SIQ-1-35B beats Qwen-350B with PPO-trained 35B fine-tune
AlexWortega released SIQ-1-35B, a PPO-trained Qwen-35B fine-tune that outperforms models 10× its size on parameter-golf benchmarks and generates research ideas comparable to Claude Opus.
SIQ-1-35B is a 35-billion-parameter fine-tune of Qwen-35B A3, trained with proximal policy optimization (PPO) and released this week on HuggingFace. The model outperforms GLM-5.2 and Qwen-350B on Karpathy's AutoResearch parameter-golf benchmark—a test that measures reasoning capability while minimizing parameter count. The developer reports this is the first PPO training run they've observed that delivered consistent improvements, attributed to a verifiable reward model rather than human preference signals.
On an internal "bullshit benchmark" used to measure output quality under adversarial prompting, SIQ-1-35B scores higher than NEX and GPT-5.5. The model also generates research ideas comparable in quality to Anthropic's Claude Opus, a closed frontier model typically reserved for complex reasoning tasks.
Weights are available in both full precision and GGUF quantized formats on HuggingFace.
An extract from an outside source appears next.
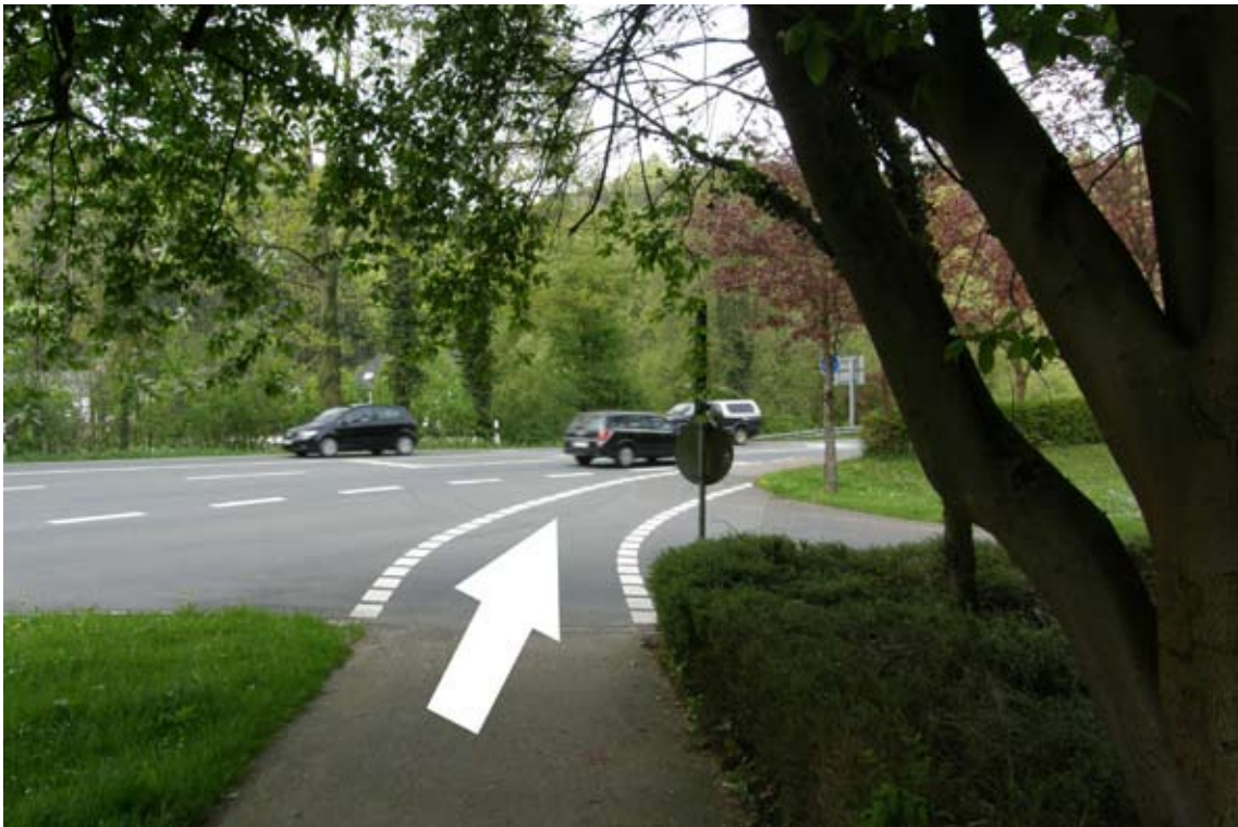
21.) dem Rad- und Fußweg folgen

A free demo runs on HuggingFace Spaces with ZeroGPU backend, allowing users to test the model without API costs or local setup.
What stands out
- 01PPO training that actually works. The developer emphasizes this is the first PPO run they've seen produce consistent improvements with a verifiable reward model rather than human preference signals.
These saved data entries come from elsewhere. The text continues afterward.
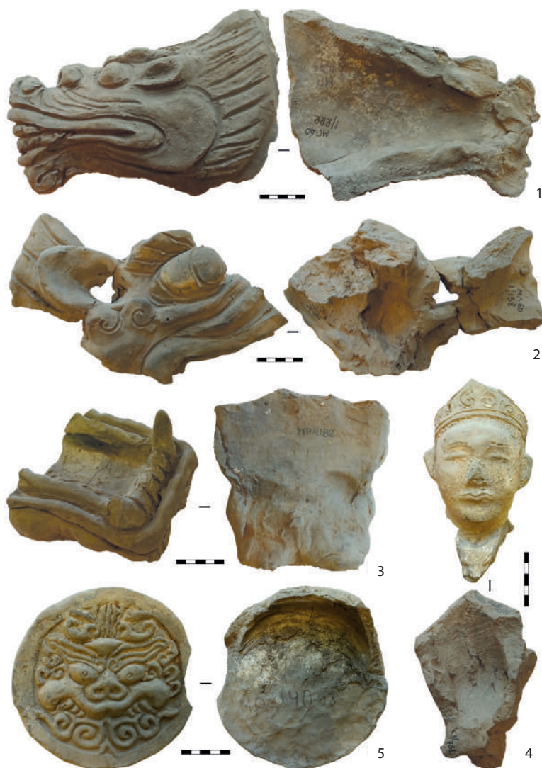
Рис. 3. Находки из коллекции: 1 – архитектурный фрагмент в виде головы дракона (инв. № МР-4175, размеры 15×9 см); 2 – архитектурный фрагмент в виде части головы дракона (инв. № МР-4113, длина 25 см); 3 – архитектурный фрагмент в виде части нижней челюсти дракона (инв. № МР-4182, длина 17 см); 4 – архитектурный фрагмент в виде головы человека (инв. № МР-4122, длина 14 см); 5 – диск полуцилиндрической черепицы (инв. № МР-4098, диаметр 15,5 см)

Fig. 3. Finds from the collection: 1 – an architectural fragment in the form of a dragon's head (Inventory No. MP-4175, dimensions 15 × 9 cm); 2 – an architectural fragment in the form of a part of a dragon's head (Inventory No. MP-4113, length 25 cm); 3 – an architectural fragment in the form of a part of the lower jaw of a dragon (inv. No. MP-4182, 17 cm long); 4 – an architectural fragment in the form of a human head (inv. No. MP-4122, length 14 cm); 5 – a disk of a semi-cylindrical tile (Inventory No. MP-4098, diameter 15.5 cm)
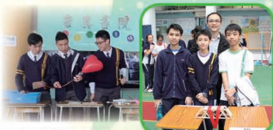
中四化學班同學向初中學生示範氫氣的實驗

2017 年 2 月 20 日至 24 日為本校的數理科技周，除有多個由高中學生主持的科學活動供初中學生參與外，還有各項科學比賽，讓全校師生感受科學的趣味。
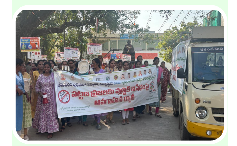
భీమవరం పురపాలక సంఘం పలిథిలో ప్లాస్టిక్ క్యాలీ బ్యాగులు మలియు సింగిల్ యూజ్ ప్లాస్టిక్ వస్తువుల అమ్మకం మరియు వాడకంపై అమలు
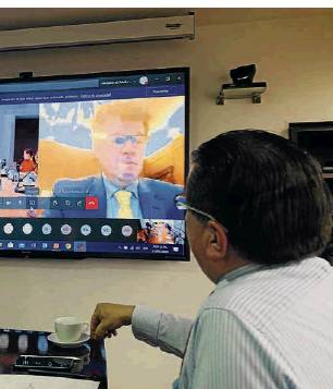
Ministerio de Salud

Fernando Ruíz, ministro de Salud, aseguró que la situación de la capital se seguirá monitoreando.
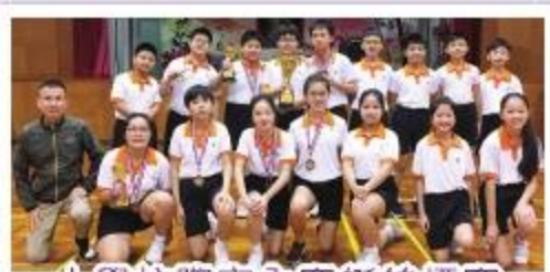
小學校際室內賽艇錦標賽
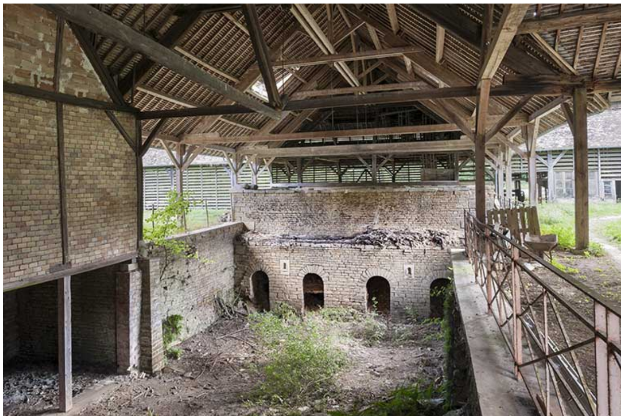
Aire d'enfournement et gueules de charge des fours.
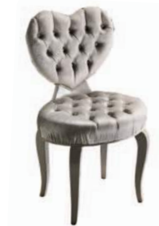
Art. 661 Finitura: PL pallas Tessuto Pallas 206 Cat. B2
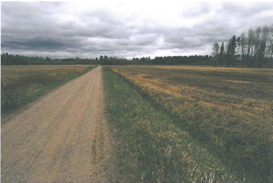
Loppi Vojakkala. Sähkölinja kulkee kuvassa näkyvän peltoaukean takana, alue kasvaa vesakkoa. Vojakkalan kylä sijaitsee linjan takaisen metsäharjanteen eteläpuolella. Huom. kuvassa oleva tie johtaa Vojakkalan kylään, mutta se ei ole tekstissä mainittu tie. Kuvattu luoteesta. (DG147)

Vojakkala on Lopen vanhimpia kyliä, asutusta siellä on ollut jo keskiajalla. Vanhimpien verotietojen mukaan kylässä oli kuusi asuttua taloa vuonna 1539. Kylän vanha asutus on sijainnut ainakin kuninkaan kartaston mukaan nykyisen, järven pohjoisrantaa seurailevan, tien tuntumassa. Voimajohto leikkaa Vojakkalan suojelualan nykyisestä kylästä noin 400 metriä pohjoiseen, metsäharjanteen takana. Voimajohdon alue oli vesakoitunut ja havaintojen teko oli vaikeaa. On kuitenkin epätodennäköistä, että vanha asutus olisi ulottunut sinne saakka.
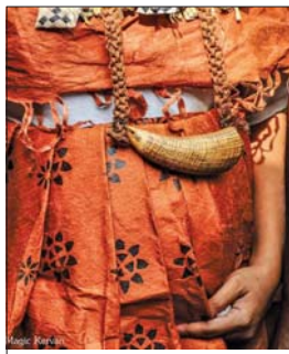
Фиджийска сватбена премяна, остров Вити Леву

се променили оттогава. По тъмните брегове, обрасли с джунгла и блатни гори, не се виждаше и светлинка. В тази част на река-
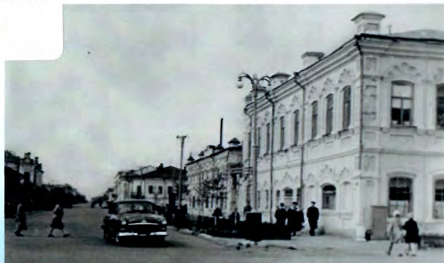
Улица Ленина, ныне улица Конституции Казахстана. Фото 1960 г.

- 02Beats models 10× its size. SIQ-1-35B outperforms Qwen-350B (a 350-billion-parameter model) and GLM-5.2 on parameter-golf tasks, where the goal is to maximize capability while minimizing parameter count.
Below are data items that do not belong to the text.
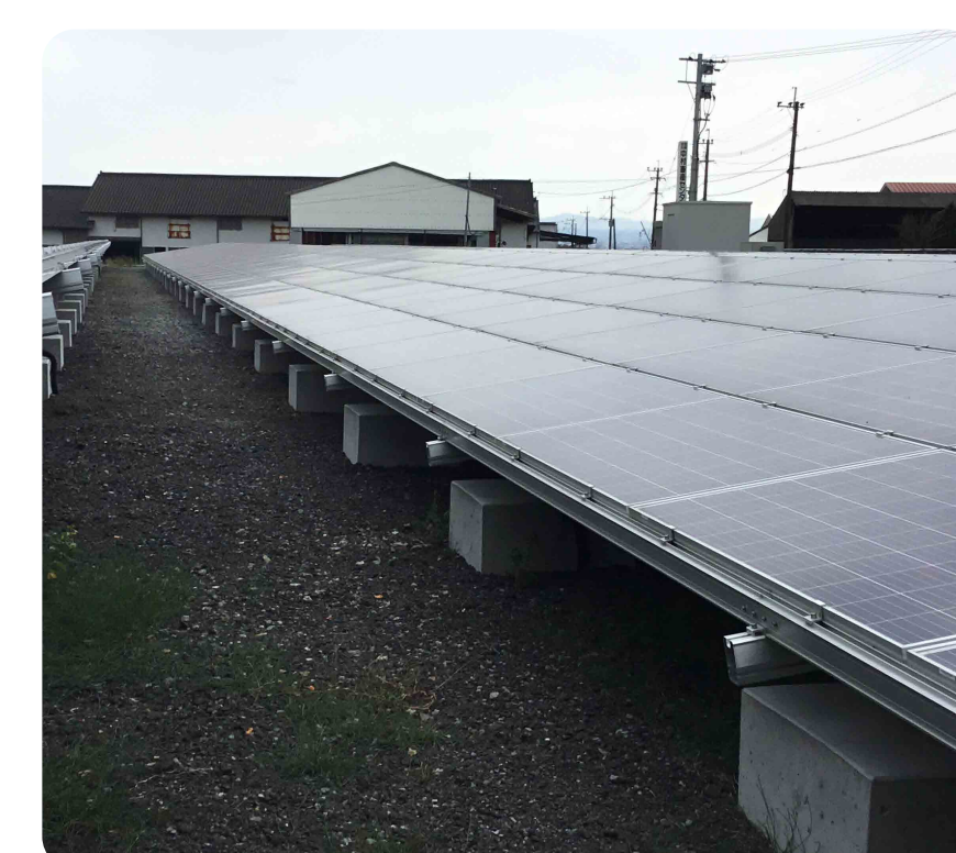
メガソーラーの現場
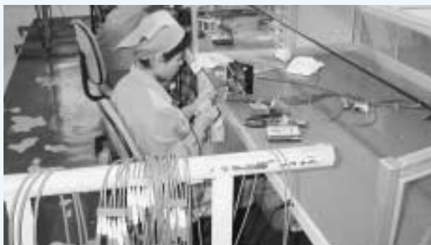
心電図の部品は北京へ

医療面では、残念ながら現在青島に日本人医師はおりません。ですが青島医科大付属医院の副院長さんは日本語が大変流暢です。外国人専用診療室があり、しかも外国人料金は取られません。
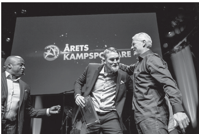
Årets kampsportare Alexander Gustafsson i nappatag med prisutdelaren Glenn Hysén på Kampspportsgalan 2014.
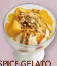
SPICE GELATO CARAMEL DUKKAH スパイスジェラート キャラメルデュカ
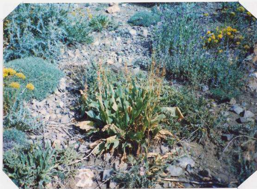
عکس شماره ۳۱

گوشه‌ای از گیاه‌شناسی دامداران روستای ... ۲۴۱
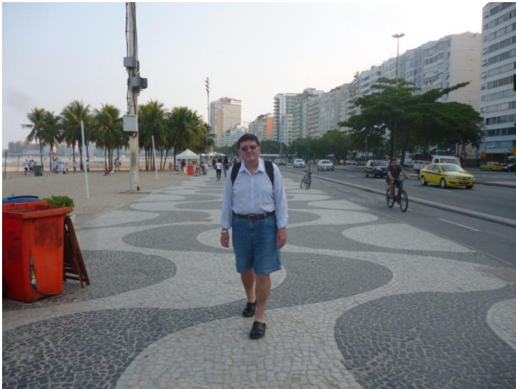
Copacabana, Rio de Janeiro

Cu autobuzul 502 mergem în Copacabana, cartier al orașului Rio de Janeiro, cu o celebră plajă plină de lume și o faleză splendidă.

- 03Opus-class idea generation. The model reportedly generates research ideas similar in quality to Anthropic's Claude Opus, a closed frontier model typically used for complex reasoning tasks.
- 04Open weights and GGUF quantizations. Full weights and GGUF formats are available on HuggingFace, making the model accessible for local inference on consumer hardware.